**SOURCE DATA:**
.....
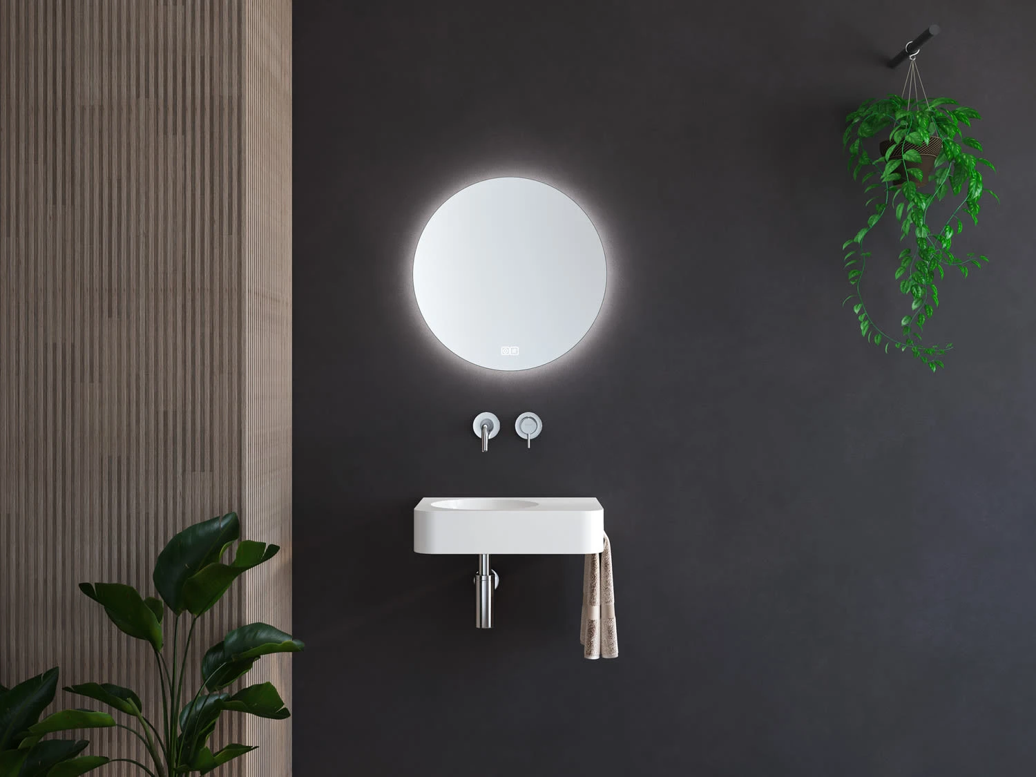 Kronenbach Stone Handwaschbecken 45 x 33 cm mit Handtuchhalterung, Becken links ohne Hahnlochbohrung
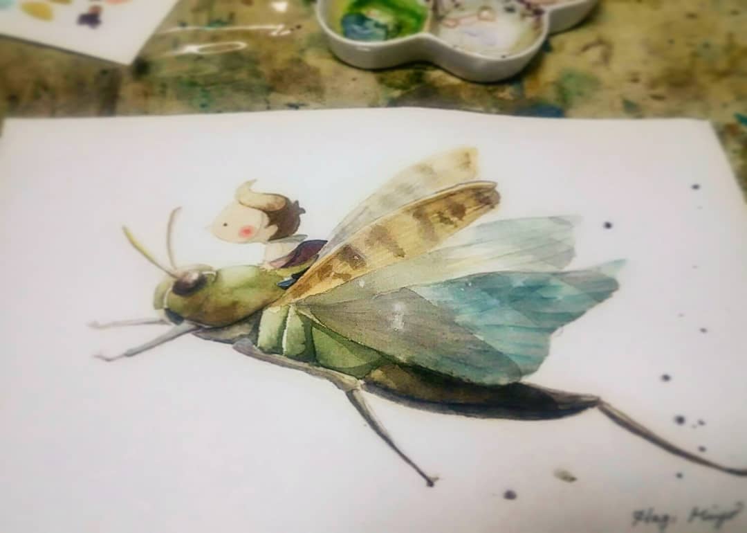 Watercolour version Day 8 of the #SummerBuggin July Bugtastic Bonanza challenge with @caseybella3 & @artyreg77 Today is the Grasshopper Happy Friday! 💞💖🐛🐝🦟🦗🐜🐞🦋🐌 #bugtastic #bugart #insectart #julyartchallenge #insects #bugs #fly #grasshopper #flowers
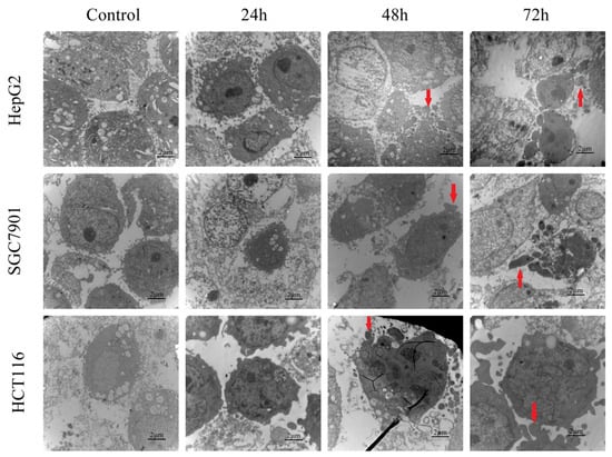 TEM of HepG2 cells, SGC7901 cells, and HCT116 cells treated with WM-NP’-60 at 4 mg/mL. The red arrow points to the appearance of apoptotic bodies.
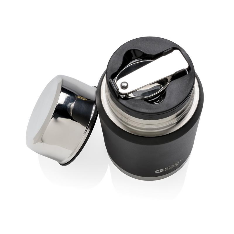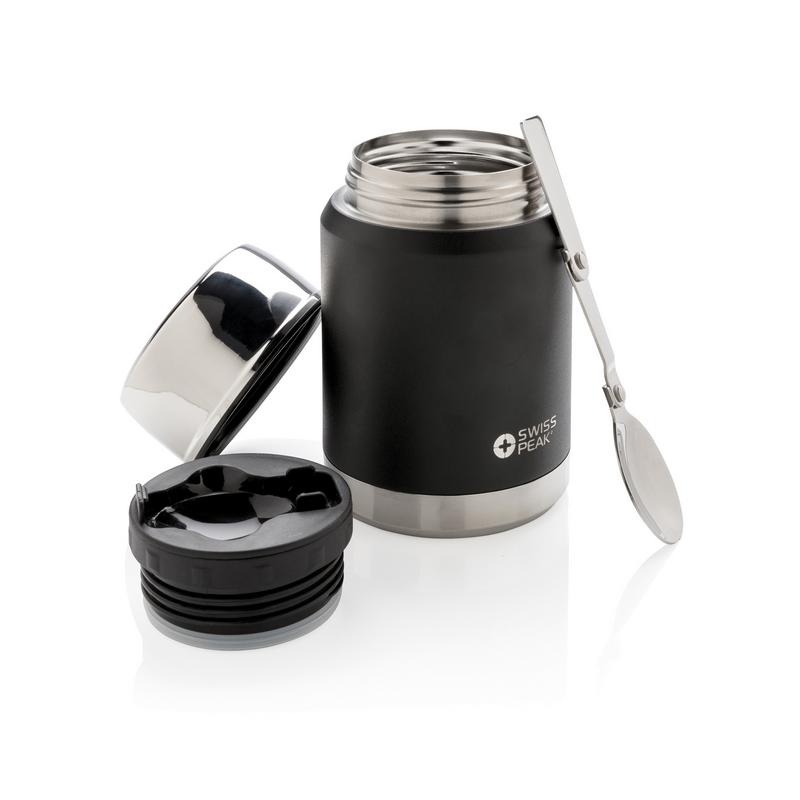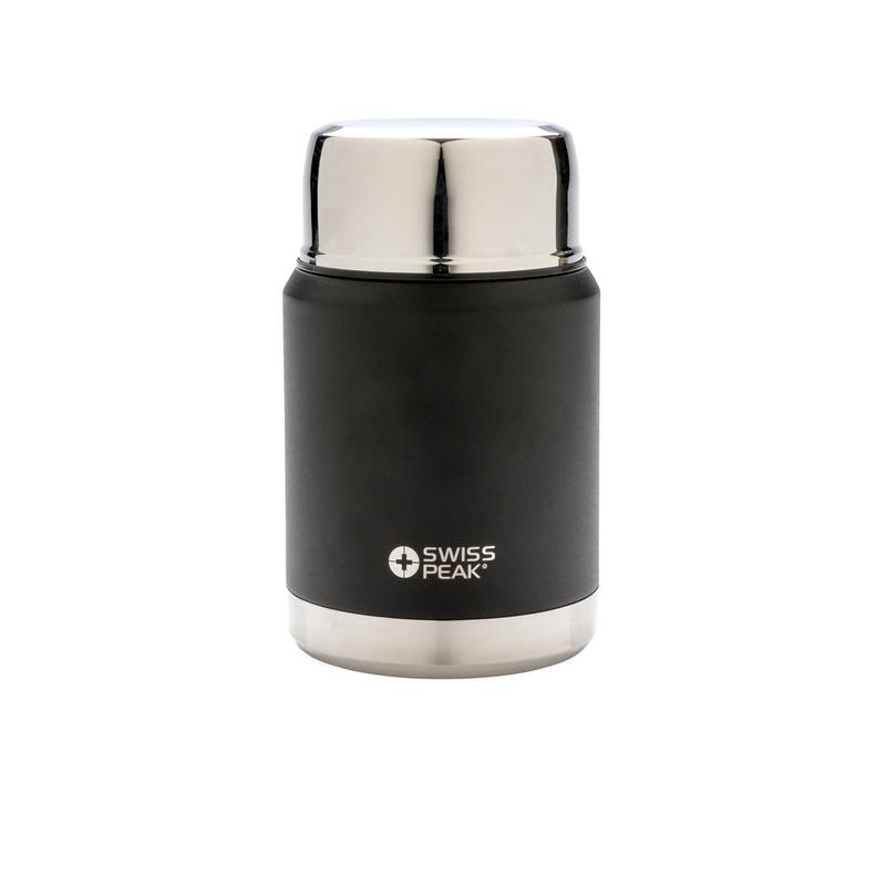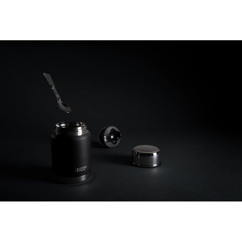 Коллекция Swiss Peak Elite с вакуумной изоляцией и двойными стенками из нержавеющей стали 18/8. Долговечное внешнее покрытие черного цвета, которое не облезет и не потрескается. Внутренние стенки покрыты медью, что обеспечивает максимальную проводимость для того, чтобы напитки сохраняли тепло до 8 часов или оставались холодными до 24 часов. Этот контейнер для еды сохранит вашу еду горячей или холодной в течение целого дня! В комплекте ложка из нержавеющей стали 18/8. Только ручная мойка. С защитой от протекания. Объем 500мл.
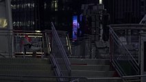 CCTV captured people rushing indoors after a firework fell and exploded on the ground during New Year's celebrations.
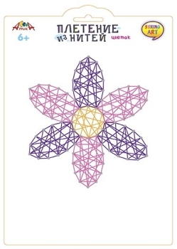 Набор состоит из: Пенопластовой доски, размером 14.5*14.5 см, разноцветных ниток, и пластмассовых булавок. Рекомендованный возраст от 6 лет. С помощью безопасных пластмассовых булавок ребёнок по схеме соединяет цветные нити, тем самым формируя объёмный рисунок."
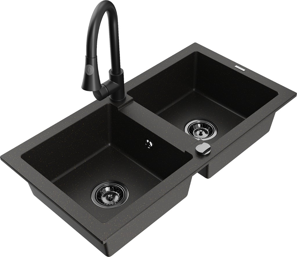 Technické dáta: drez: Rozmer: 820 x 436 x 161 mm Hĺbka komory: 151 mm Rozmery komory: 356x336 mm Priemer odtoku: ø90 mm Typ: 2-komorový Typ: Zapustené do pracovnej dosky Farba: čierna / zlatá metalíza Povrchová úprava sifónu: čierna Materiál: žula (80% žulové kamenivo, 20% živice) Prepadový otvor: Áno Otvory: (batérie, automatické) 2 Vysoká odolnosť proti poškriabaniu a zmene farby Odolnosť proti tepelným šokom Ľahko čistiteľný povrch kuchynská batéria: Materiál: mosadz Čierna farba Hlava: Keramická Prevzdušňovač: Áno Typ: Jedna páka Výška batérie: 380 mm Rozsah výtoku: 252 mm Typ výtoku: Výsuvný(GT) Ean: 5905315028297
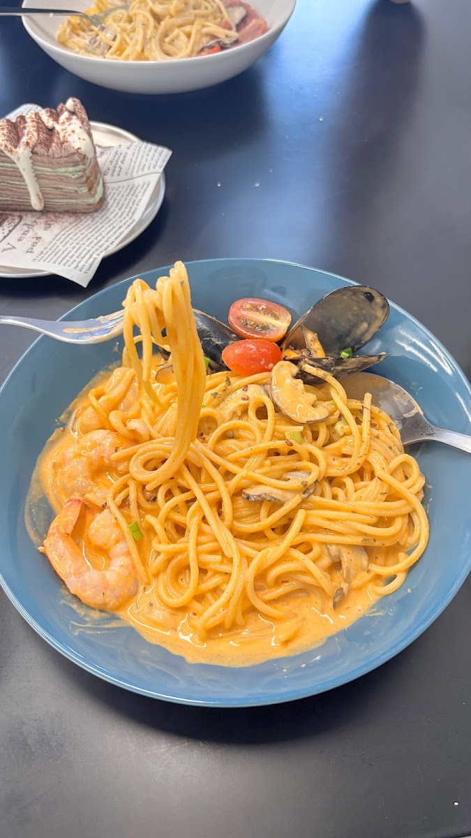 The offering extends beyond coffee and pasta, with simple cakes like Mint Chocolate and Tiramisu Mille Crepe that complement the drinks well, making it a spot to enjoy something sweet with your caffeine fix. Local patrons also appreciate the staff’s friendly, laid-back service — enough attentiveness to feel welcomed without pressure.
.....
**EXERCISE REQUIREMENTS:** Since the copy should hold text only, set down each record exactly and leave the pictures out.

**RESPONSE:**
 Kronenbach Stone Handwaschbecken 45 x 33 cm mit Handtuchhalterung, Becken links ohne Hahnlochbohrung
 Watercolour version Day 8 of the #SummerBuggin July Bugtastic Bonanza challenge with @caseybella3 & @artyreg77 Today is the Grasshopper Happy Friday! 💞💖🐛🐝🦟🦗🐜🐞🦋🐌 #bugtastic #bugart #insectart #julyartchallenge #insects #bugs #fly #grasshopper #flowers
 TEM of HepG2 cells, SGC7901 cells, and HCT116 cells treated with WM-NP’-60 at 4 mg/mL. The red arrow points to the appearance of apoptotic bodies.
 Коллекция Swiss Peak Elite с вакуумной изоляцией и двойными стенками из нержавеющей стали 18/8. Долговечное внешнее покрытие черного цвета, которое не облезет и не потрескается. Внутренние стенки покрыты медью, что обеспечивает максимальную проводимость для того, чтобы напитки сохраняли тепло до 8 часов или оставались холодными до 24 часов. Этот контейнер для еды сохранит вашу еду горячей или холодной в течение целого дня! В комплекте ложка из нержавеющей стали 18/8. Только ручная мойка. С защитой от протекания. Объем 500мл.
 CCTV captured people rushing indoors after a firework fell and exploded on the ground during New Year's celebrations.
 Набор состоит из: Пенопластовой доски, размером 14.5*14.5 см, разноцветных ниток, и пластмассовых булавок. Рекомендованный возраст от 6 лет. С помощью безопасных пластмассовых булавок ребёнок по схеме соединяет цветные нити, тем самым формируя объёмный рисунок."
 Technické dáta: drez: Rozmer: 820 x 436 x 161 mm Hĺbka komory: 151 mm Rozmery komory: 356x336 mm Priemer odtoku: ø90 mm Typ: 2-komorový Typ: Zapustené do pracovnej dosky Farba: čierna / zlatá metalíza Povrchová úprava sifónu: čierna Materiál: žula (80% žulové kamenivo, 20% živice) Prepadový otvor: Áno Otvory: (batérie, automatické) 2 Vysoká odolnosť proti poškriabaniu a zmene farby Odolnosť proti tepelným šokom Ľahko čistiteľný povrch kuchynská batéria: Materiál: mosadz Čierna farba Hlava: Keramická Prevzdušňovač: Áno Typ: Jedna páka Výška batérie: 380 mm Rozsah výtoku: 252 mm Typ výtoku: Výsuvný(GT) Ean: 5905315028297
 The offering extends beyond coffee and pasta, with simple cakes like Mint Chocolate and Tiramisu Mille Crepe that complement the drinks well, making it a spot to enjoy something sweet with your caffeine fix. Local patrons also appreciate the staff’s friendly, laid-back service — enough attentiveness to feel welcomed without pressure.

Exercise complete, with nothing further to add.